Greeted by a barrage of camera flashes, the North Koreans — men dressed in navy blue coats and women in red coats, both wearing fur hats — didn’t speak much at the South Korean airport and later at the athletes’ village in the eastern city of Gangneung.

But some smiled and waved their hands to journalists at the athletes’ village. One said, “Nice to meet you!”

The 10 athletes are to compete in Alpine skiing, cross-country skiing, figure skating and short track speed skating.

The Koreas have been planning several conciliatory gestures during the Games, including having their athletes parade together with a single “unification flag” depicting their peninsula during the Opening Ceremony. As they did in 2000, 2004 and 2006.
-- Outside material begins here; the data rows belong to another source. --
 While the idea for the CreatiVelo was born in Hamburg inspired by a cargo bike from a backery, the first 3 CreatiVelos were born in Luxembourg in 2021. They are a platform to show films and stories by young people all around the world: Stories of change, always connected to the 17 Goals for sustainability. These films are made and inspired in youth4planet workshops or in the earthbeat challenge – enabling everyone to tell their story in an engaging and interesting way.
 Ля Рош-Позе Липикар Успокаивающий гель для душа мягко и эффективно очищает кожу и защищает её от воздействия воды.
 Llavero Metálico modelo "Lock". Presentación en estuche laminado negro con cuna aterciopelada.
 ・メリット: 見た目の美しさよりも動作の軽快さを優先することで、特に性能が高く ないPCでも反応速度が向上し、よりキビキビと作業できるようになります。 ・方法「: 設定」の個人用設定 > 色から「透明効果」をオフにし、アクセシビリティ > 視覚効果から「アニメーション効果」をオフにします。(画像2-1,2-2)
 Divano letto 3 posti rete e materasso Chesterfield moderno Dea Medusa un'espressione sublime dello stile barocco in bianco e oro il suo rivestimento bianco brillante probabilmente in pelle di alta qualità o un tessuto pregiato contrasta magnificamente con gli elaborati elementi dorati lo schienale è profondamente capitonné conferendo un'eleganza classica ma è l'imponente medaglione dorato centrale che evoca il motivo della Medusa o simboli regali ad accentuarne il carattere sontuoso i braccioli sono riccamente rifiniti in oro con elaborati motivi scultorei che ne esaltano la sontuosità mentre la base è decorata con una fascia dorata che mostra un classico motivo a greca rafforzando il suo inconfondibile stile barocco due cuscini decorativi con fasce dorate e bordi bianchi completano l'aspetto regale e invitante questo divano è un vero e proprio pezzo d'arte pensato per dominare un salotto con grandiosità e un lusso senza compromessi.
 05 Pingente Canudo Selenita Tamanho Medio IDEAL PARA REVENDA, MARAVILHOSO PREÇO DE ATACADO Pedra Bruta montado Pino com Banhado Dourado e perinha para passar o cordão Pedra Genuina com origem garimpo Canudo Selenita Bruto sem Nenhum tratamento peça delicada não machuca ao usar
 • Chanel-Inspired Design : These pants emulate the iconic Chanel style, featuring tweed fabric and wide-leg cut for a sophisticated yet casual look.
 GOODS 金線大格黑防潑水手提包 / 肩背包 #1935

Another rare sight on Thursday was North Korean flags that began flying in Olympic villages and stadiums in PyeongChang and Gangneung, something that normally wouldn’t be tolerated in a country with a strict anti-North Korea security law still in effect.

Next week, North Korea is to send a 230-member cheering group, a 140-strong art troupe, taekwondo demonstrators and journalists as part of its Olympic delegation.

The last time North Korea sent a big delegation to South Korea was for the 2014 Asian Games in Incheon, just west of Seoul.